Филологические сюжеты - Сергей Бочаров
Шрифт:
Интервал:
Закладка:
Что такое храбрость? В «Набеге» задан вопрос, и определения этой сущности, готовые истины проверяются на индивидуальных фактах. Почему, отправляясь в дело, люди ведут себя беззаботно? «Что это: решимость ли, привычка ли к опасности, или необдуманность и равнодушие к жизни?» Вот набор общих мест, неспособных что—либо разрешить; внимание рассказчика направляется на живые факты: «Я с любопытством вслушивался в разговоры солдат и офицеров и внимательно всматривался в выражения их физиономий». Живое явление надо вывести из—под ярлыка, термина, слова. Таков и будет магистральный путь Толстого в искусстве – разоблачение общих мест и вскрытие за ними живой душевной действительности.

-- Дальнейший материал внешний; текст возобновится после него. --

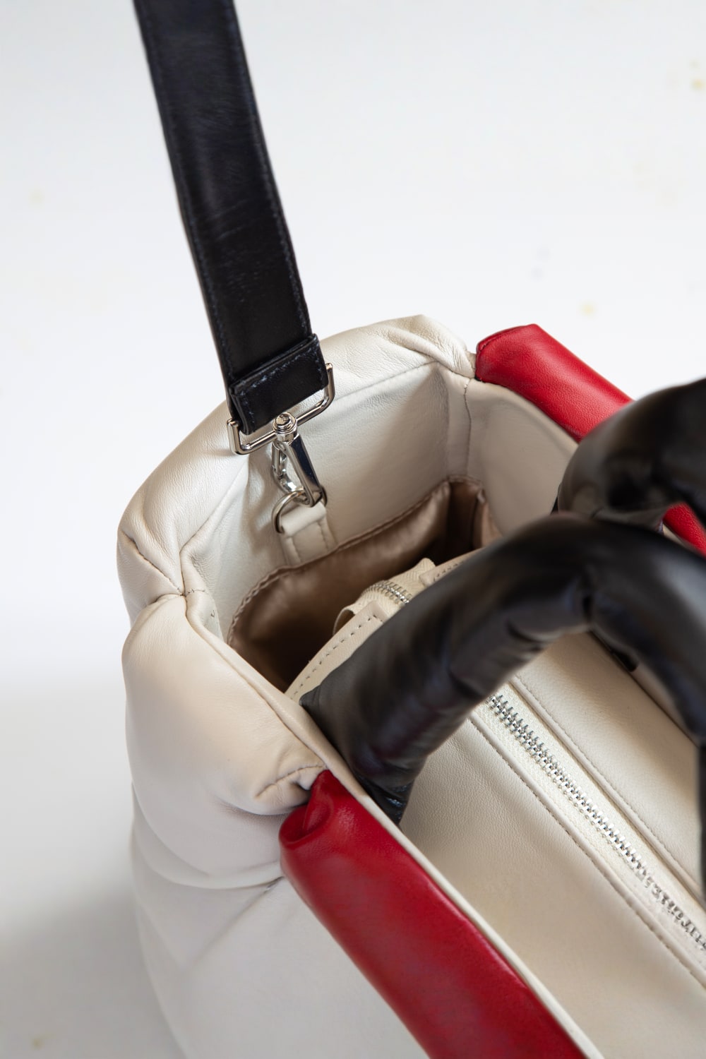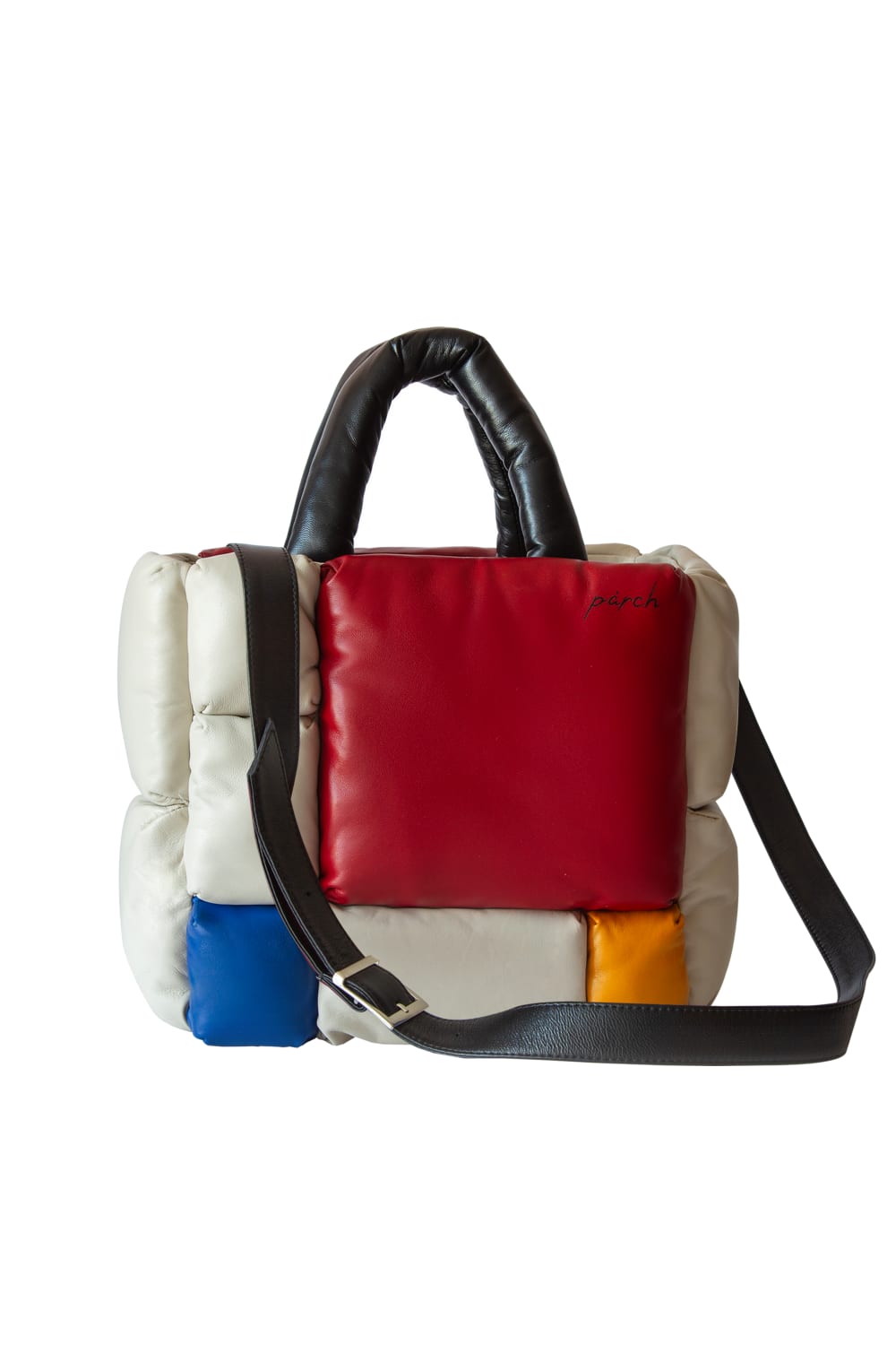 Kırmızı ana blok etrafında asimetrik şekilde yerleştirilmiş beyaz, mavi, sarı ve siyah renk blokları, çantaya hem dikkat çekici hem de zamansız bir estetik kazandırıyor. %100 doğal kuzu derisinden, el işçiliğiyle üretilen bu tasarım; yumuşak viskon astarı, gümüş renkli fermuarı ve üç iç cebiyle günlük kullanıma işlevsel bir zarafet katıyor.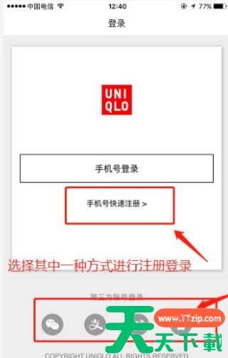 第四步、进入“登录/注册”页面,可以选择“微信、支付宝、微博和QQ”直接登录,也可以选择使用手机号注册,本次选择手机号注册;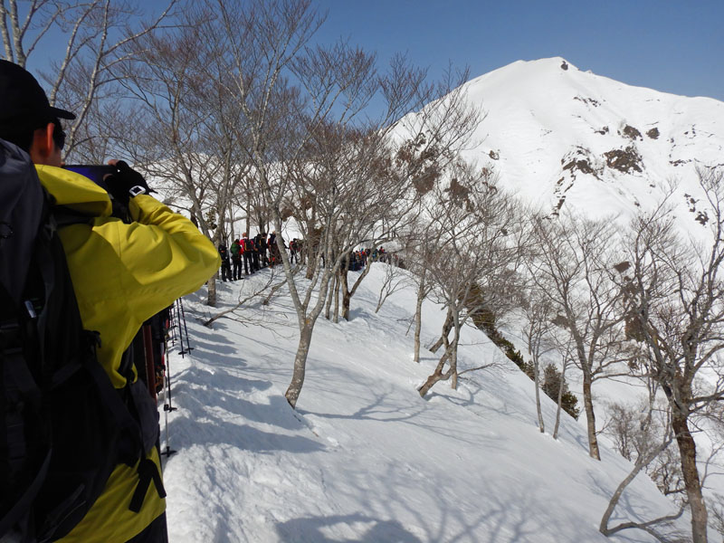 しばらく歩くと急斜面をトラバース気味に下降するポイントで大渋滞。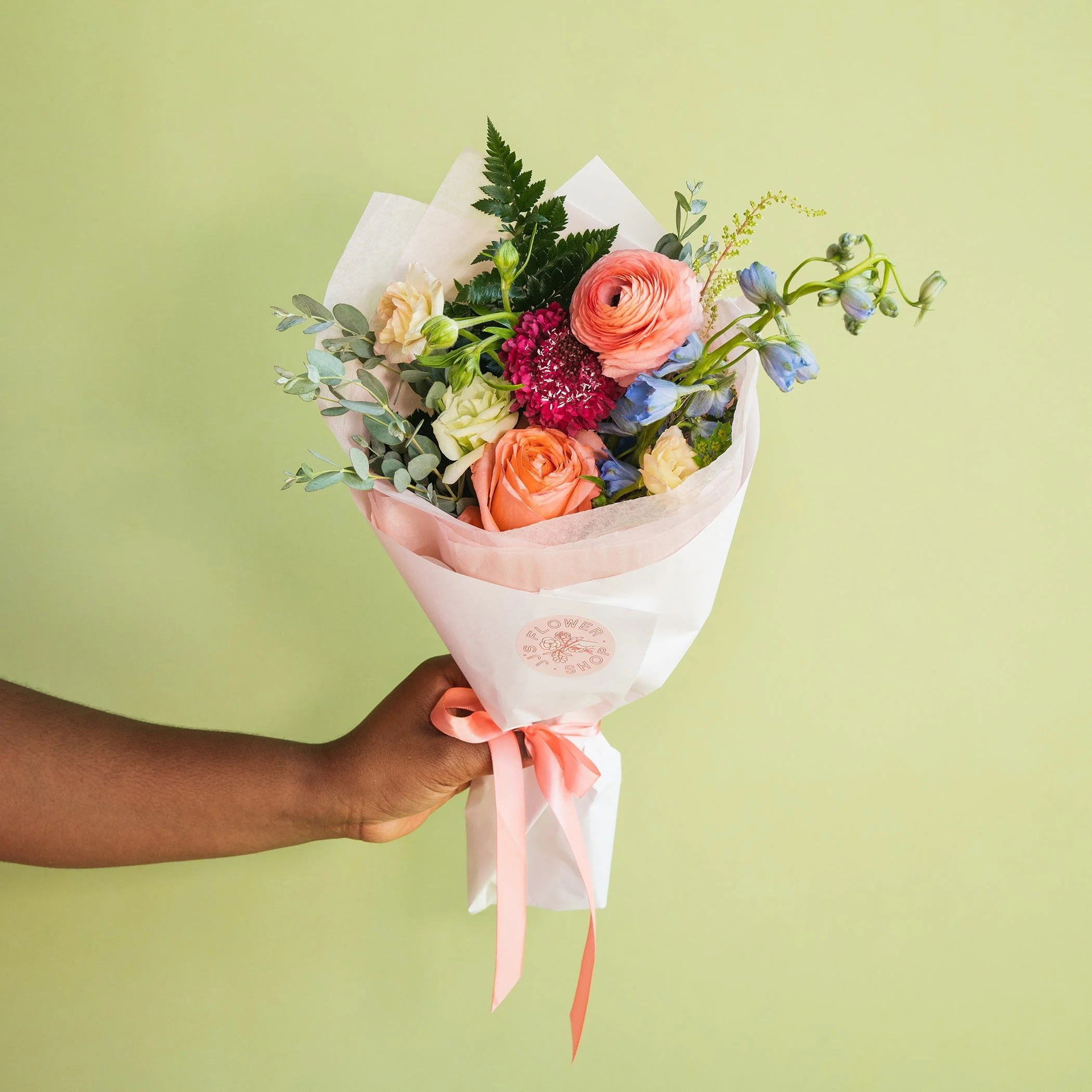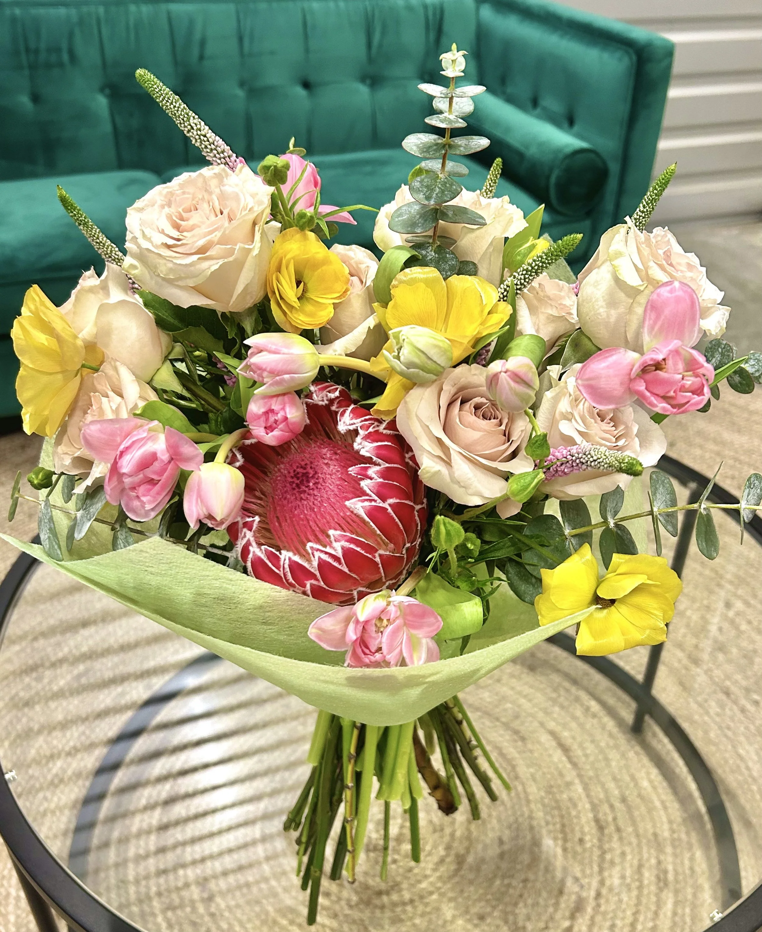 Hand-crafted seasonal bouquet with fresh florals. Bouquet comes in our small size.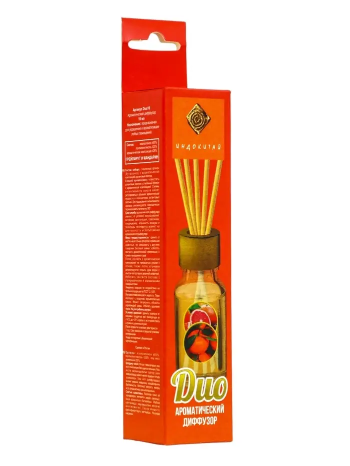 Наполните пространство свежестью и бодрящей фруктовой энергией с аромадиффузором Duo10 Грейпфрут и Мандарин, 10 мл. Этот диффузор с палочками мягко и равномерно распространяет цитрусовый аромат, создавая ощущение легкости, радости и солнечного настроения.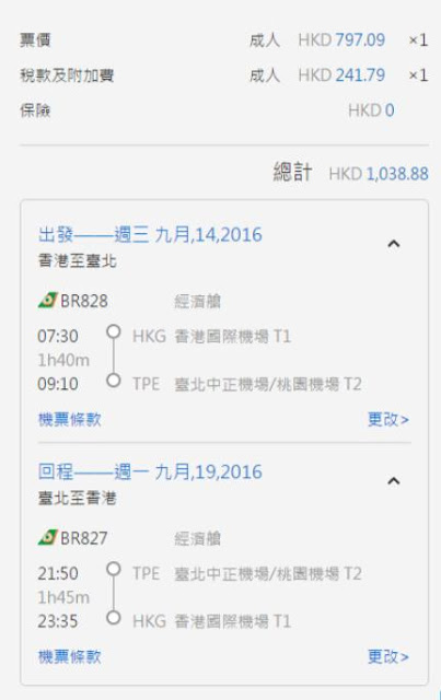 香港往返台北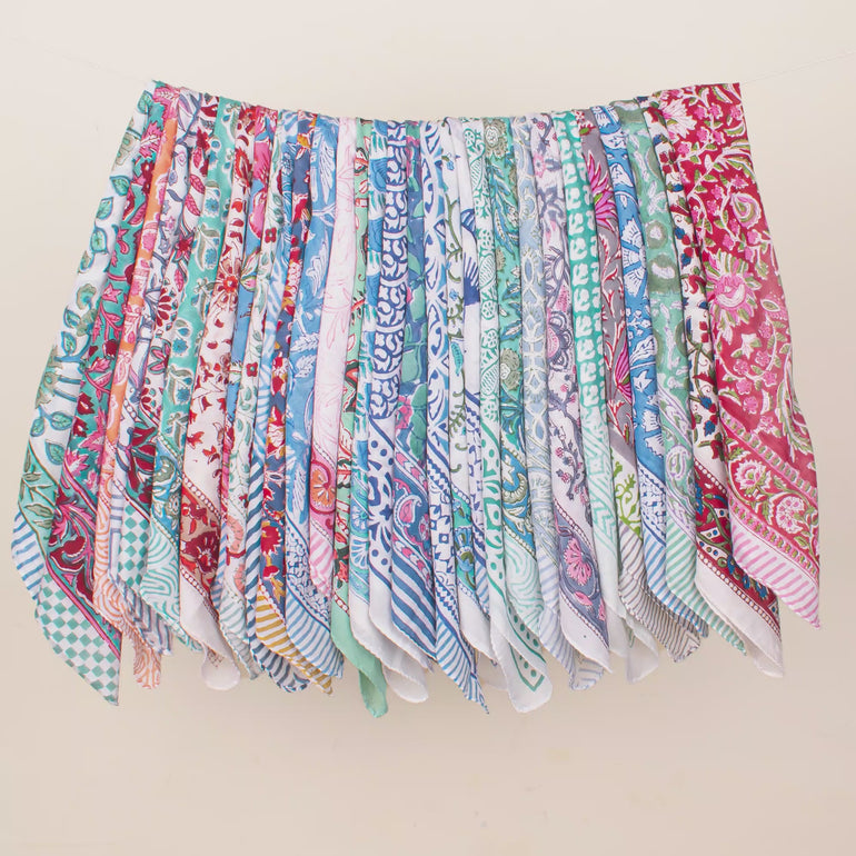 This Set of 75 - Cotton Bandana, Hand Block Printed Floral Wrap all made by cotton material and hand with block prints technique. These Block Printed Bandanas are handy for daily outfit, gifting, or even bike ride. Nothing fancy—just cotton work made with effort. Every piece is a little different, not the same like machine cloth. The cotton is totally organic and lightweight, so you can wrap around your neck, tie it on your head, or just keep it as a scarf and also you can use this Handmade Bandana for a longtime.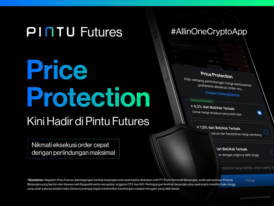 Head of Product Marketing PINTU Iskandar Mohammad mengungkapkan, “Fitur Price Protection memungkinkan pengguna memilih batas maksimum slippage (0,2%, 1%, atau 2,5%) saat mengeksekusi market order. Tujuannya untuk melindungi trader dari eksekusi order di luar batas harga wajar, terutama ketika market “loncat” akibat perbedaan likuiditas di order book atau pergerakan harga mendadak. Dengan adanya fitur ini, trader bisa terhindar dari kerugian akibat “price spike” atau “price crash” sesaat, sekaligus merasa lebih aman saat trading di kondisi pasar yang volatile,”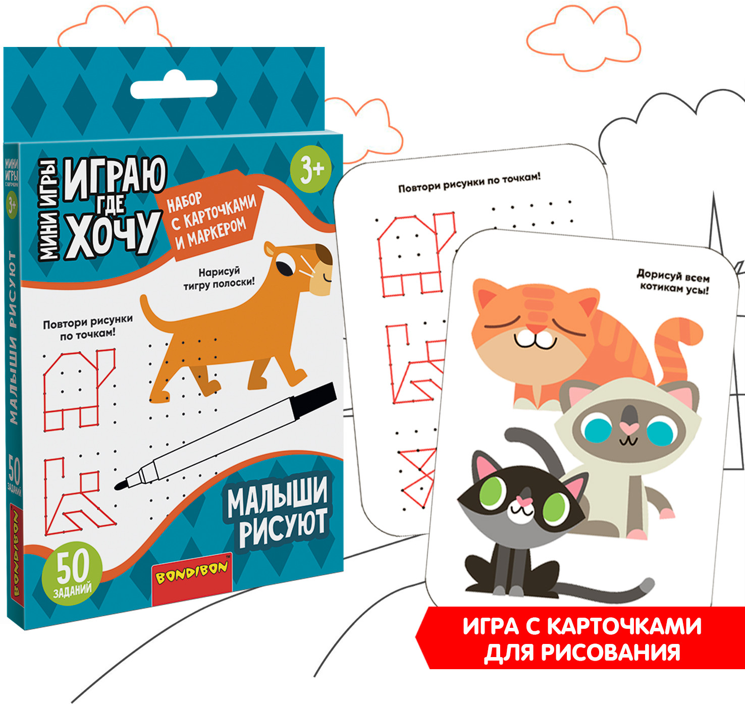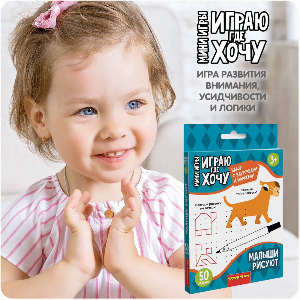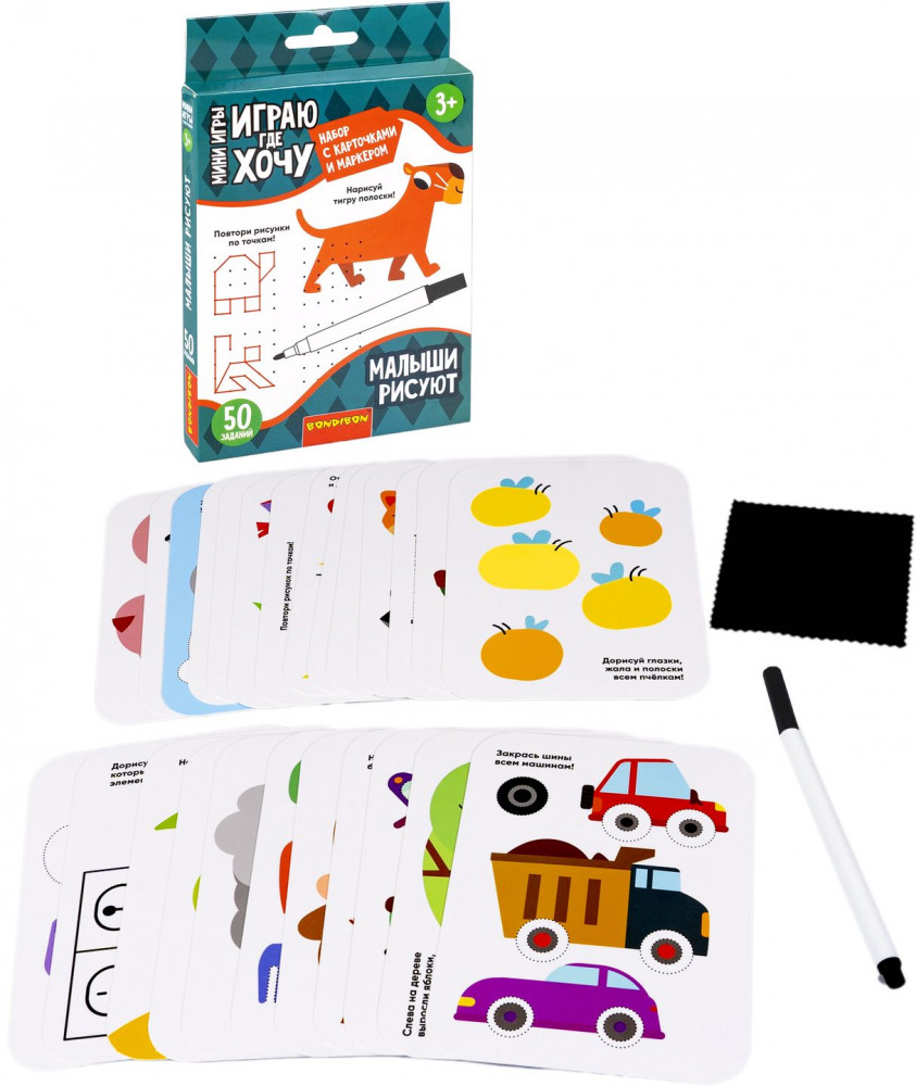 В комплект входит 50 заданий на ламинированных картах, маркер и салфетка. Очень важно развивать у ребенка внимание, усидчивость и логику. С мини-играми «Играю где хочу» от Bondibon эта возможность всегда с Вами! Красочные и компактные, они станут идеальными спутниками для маленького непоседы. Дома, на даче, в очереди, в поезде, самолете и машине — играйте где хочется!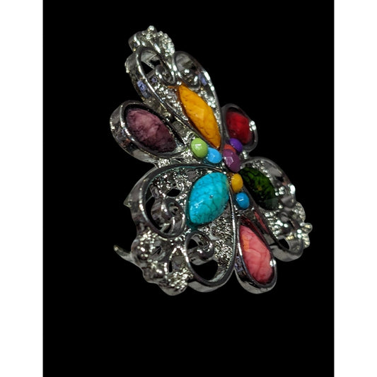 Rainbow Fairycore Floral Gemmed Statement Ring Adjustable Size 6 1/2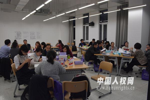 人权研究中心编著的《公务员人权培训学员用书》和《公务员人权培训教师用书》两本教材,采用角色扮演、视频教学、分组辩论等方式,开展多样化的实验教学,与会教师积极参与教学活动,针对公务员人权培训中的课堂设计、教学方法等问题集思广益,场面非常热烈。在研讨班上,各位教研部主任交流了各自学院开展人权教育的实际情况和面临的问题,并就如何将人权知识教育融入党校、干部学院、行政学院和警官学校的课程交流了看法,提出了很多积极可行的建议。最后,两组参会者就如何有效地开展公务员人权培训进行了交流。与会者一致认为,对公务员开展人权培训是落实“国家尊重和保障人权”的宪法原则和国家人权行动计划要求的必行之举,同时也对公务员提高人权保障意识、防范职业风险具有重要作用。应当根据各类干部培训院校的课程要求,采取灵活多样的形式将人权知识融入到各门课程中去。不仅应在宪法、行政执法、刑事诉讼法等法律课程中介绍所涉及的人权内容,而且还可以在有关“四个全面”的课程中结合相关人权内容,在各类党性教育课程中讲述中国共产党是如何尊重和保障人权、促进人权事业发展的,并通过各种现实案例的分析提高公务员的人权意识和人权保障水平。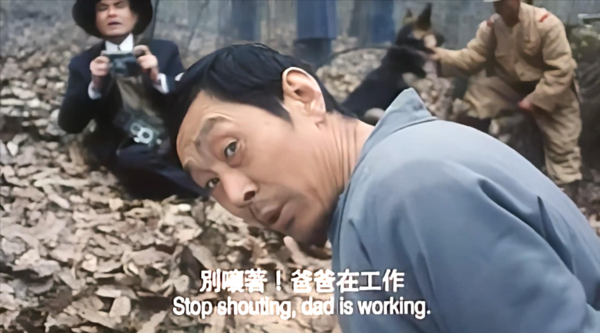 为了向日本军官谄媚,翻译为了配合记者拍照摆出被斩首的造型,还不忘告诉儿子自己在工作。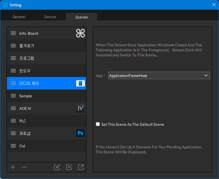 설정에서 각 씬에 앱 실행파일을 연결하면 앱이 실행될 때 해당 씬을 자동으로 보여줍니다. Stream Dock 창이 닫혀있을 때에만 동작합니다.

Но – Толстой не литератор, на какое—то время он теперь военный человек, и сразу после Кавказа он на театре новой войны, международной войны с европейскими государствами, в осаждённом Севастополе 1855 года. «Севастопольские рассказы» пишутся здесь, на месте событий, и в них – и прежде всего в центральном из них – «Севастополь в мае», – Толстой становится самим собой, великим писателем. Здесь продолжается исследование поведения человека на войне, начатое в кавказских рассказах, но продолжается новооткрытыми средствами внутреннего анализа, какие вскоре в статье Н. Г. Чернышевского по поводу этих рассказов («Современник». 1856. № 8) получат навсегда отныне связанное с Толстым выразительное название – «диалектика души». Это – открытие за разделяющими людей во внешней жизни сословными и личными различиями некоей общей для всех стихии внутренней жизни; в анализе состояний Михайлова и Праскухина перед крутящейся бомбой – она сейчас убьёт одного из них – открытие это обнаружилось ярче всего: эпизод, поразивший читателей—современников. Найдена здесь и собственная эпическая позиция автора над персонажами, позволяющая ему открыто видеть душу каждого, найден особый толстовский властный голос автора – «голос уже не постороннего (как в кавказских вещах, где анализ шёл от стоящего несколько в стороне рассказчика), а потустороннего существа», – как сказал об этой новой авторской позиции крупнейший исследователь Толстого Б. М. Эйхенбаум. «Люди как реки, – будет сказано уже старым писателем в „Воскресении“, – вода во всех одинакая и везде одна и та же…», и «каждый носит в себе зачатки всех свойств людских». Для всего дальнейшего творчества найдены в севастопольских рассказах положительные основы.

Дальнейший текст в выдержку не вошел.